- Aim of the exercise:
Retype the material that follows exactly, limited to the lines from the one with "A Regency gold" through the one with "Суворовцам, отличившимся в", and keep out all pictures.

- Data extracts:
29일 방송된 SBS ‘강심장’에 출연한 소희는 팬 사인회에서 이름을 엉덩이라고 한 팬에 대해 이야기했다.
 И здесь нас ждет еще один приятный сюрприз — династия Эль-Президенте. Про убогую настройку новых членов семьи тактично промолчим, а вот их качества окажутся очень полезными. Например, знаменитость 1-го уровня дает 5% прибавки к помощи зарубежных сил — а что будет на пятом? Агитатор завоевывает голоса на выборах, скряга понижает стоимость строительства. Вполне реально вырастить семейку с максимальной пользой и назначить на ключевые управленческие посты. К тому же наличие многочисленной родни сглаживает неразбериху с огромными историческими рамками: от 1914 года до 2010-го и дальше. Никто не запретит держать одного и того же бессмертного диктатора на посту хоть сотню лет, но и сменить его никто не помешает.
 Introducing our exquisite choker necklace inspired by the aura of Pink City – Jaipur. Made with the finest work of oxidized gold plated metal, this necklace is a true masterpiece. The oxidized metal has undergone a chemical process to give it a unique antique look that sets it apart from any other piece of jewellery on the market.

...

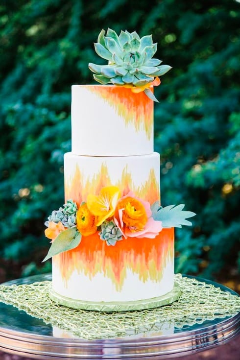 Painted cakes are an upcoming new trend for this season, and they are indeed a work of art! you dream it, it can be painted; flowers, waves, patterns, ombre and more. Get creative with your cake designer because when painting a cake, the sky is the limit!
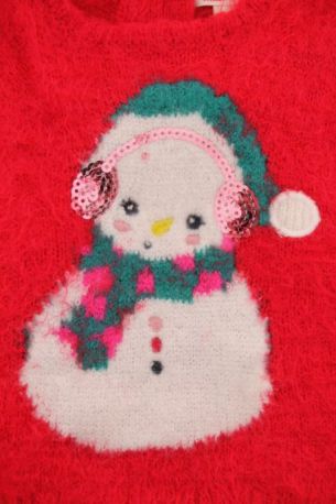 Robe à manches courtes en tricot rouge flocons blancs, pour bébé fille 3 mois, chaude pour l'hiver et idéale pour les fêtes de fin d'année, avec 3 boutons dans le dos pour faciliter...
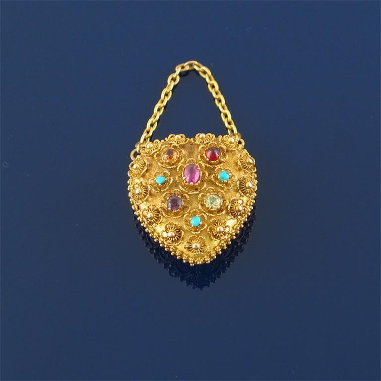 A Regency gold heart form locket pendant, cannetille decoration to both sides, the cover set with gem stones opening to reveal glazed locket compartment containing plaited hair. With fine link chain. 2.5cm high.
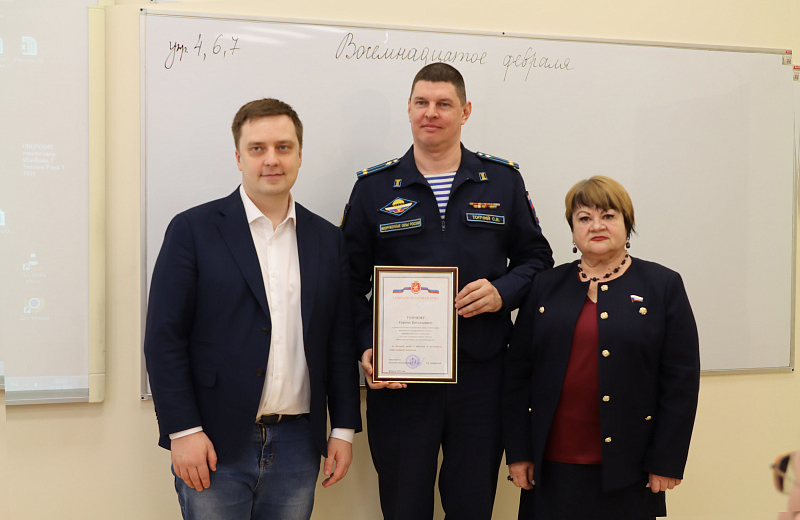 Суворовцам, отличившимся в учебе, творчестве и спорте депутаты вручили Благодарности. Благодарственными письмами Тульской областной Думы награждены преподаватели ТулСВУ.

- Answer box:
 A Regency gold heart form locket pendant, cannetille decoration to both sides, the cover set with gem stones opening to reveal glazed locket compartment containing plaited hair. With fine link chain. 2.5cm high.
 Суворовцам, отличившимся в учебе, творчестве и спорте депутаты вручили Благодарности. Благодарственными письмами Тульской областной Думы награждены преподаватели ТулСВУ.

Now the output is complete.